En 2014 llegaron otras dos baterías, también procedentes de Alemania, por 41,1 millones de euros. El acuerdo incluyó una central de coordinación, 40 misiles, lanzadores, equipos de comunicaciones y elementos logísticos. Estas tres baterías suman 18 lanzadores en total (seis por batería), todos adscritos al Regimiento de Artillería Antiaérea nº 73 con base en Marines (Valencia).
Una de estas tres baterías lleva más de una década desplegada en Turquía, protegiendo la ciudad de Adana en el marco de la misión Active Fence de la OTAN contra posibles ataques con misiles desde Siria. Este despliegue permanente genera un desgaste notable del material, que está activo 24 horas al día, siete días a la semana.
En 2023, Estados Unidos autorizó la venta a España de cuatro nuevas baterías Patriot en la configuración PAC-3 Plus. El programa, aprobado con un presupuesto de 2.400 millones de euros, incluye 51 misiles PAC-3 MSE de última generación, 24 estaciones de lanzamiento M903, cuatro radares AN/MPQ-65, cuatro estaciones de control, dos centrales de coordinación y cuatro plantas de energía.

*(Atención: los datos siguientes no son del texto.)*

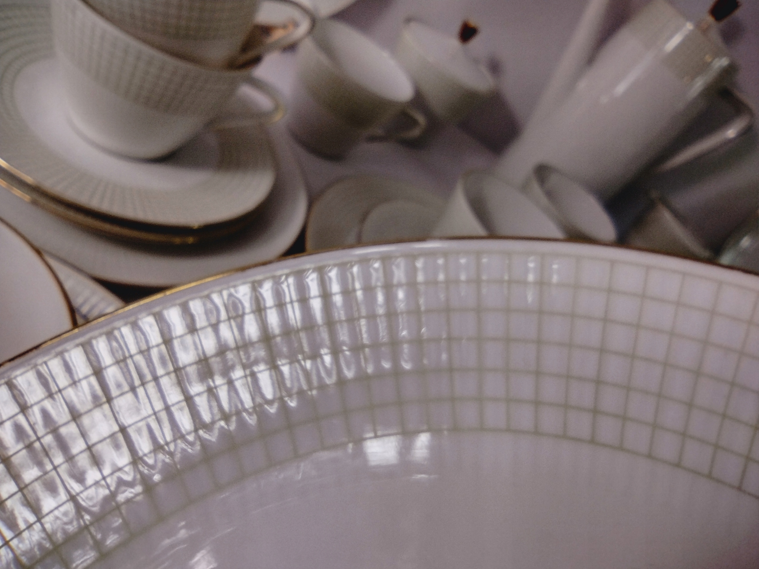 Тонкостенный фарфор с нежной зеленой клеткой и золотыми полосками.

Raytheon formalizó el contrato en diciembre de 2024 por 1.445 millones de euros para suministrar las baterías completas. Lockheed Martin proporcionará los misiles interceptores PAC-3 MSE. Sin embargo, las entregas no comenzarán hasta 2030, según ha confirmado el Ministerio de Defensa. La demora se debe al enorme volumen de pedidos acumulados por la guerra en Ucrania y la escalada de tensiones globales.
El retraso ha generado frustración en Defensa, que esperaba recibir el material en 2027. Lo más problemático es que las baterías llegarán sin misiles, cuya entrega está en el aire debido a las limitaciones de producción de Lockheed Martin. La compañía ha anunciado planes para triplicar su capacidad de fabricación de PAC-3 MSE de 600 a 2.000 unidades anuales para 2030, pero mientras tanto los países compradores deben esperar.
Para mantener operativas las baterías PAC-2 actuales hasta la llegada de las PAC-3, España ha adquirido lotes importantes de repuestos y nuevos misiles PAC-2 GEM-T. En 2024, el Gobierno firmó junto a Alemania, Países Bajos y Rumanía un contrato de 5.200 millones de euros para comprar un millar de misiles GEM-T. España recibirá alrededor de un centenar por unos 400 millones.
La industria española participa en el programa Patriot. Sener colabora con Raytheon y Lockheed Martin en el diseño y fabricación de componentes del sistema de actuación y control de los misiles. Grupo Oesía, a través de su filial Tecnobit en Valdepeñas (Ciudad Real), produce componentes del PAC-3 MSE. Esta participación industrial permite que parte de la inversión revierta en capacidades nacionales.
Cuando lleguen las cuatro nuevas baterías, España pasará de tres a siete sistemas Patriot operativos (o posiblemente solo cuatro si se retiran las versiones PAC-2 más antiguas). Esto permitirá una defensa aérea más robusta del territorio nacional y cumplir mejor con los compromisos de la OTAN.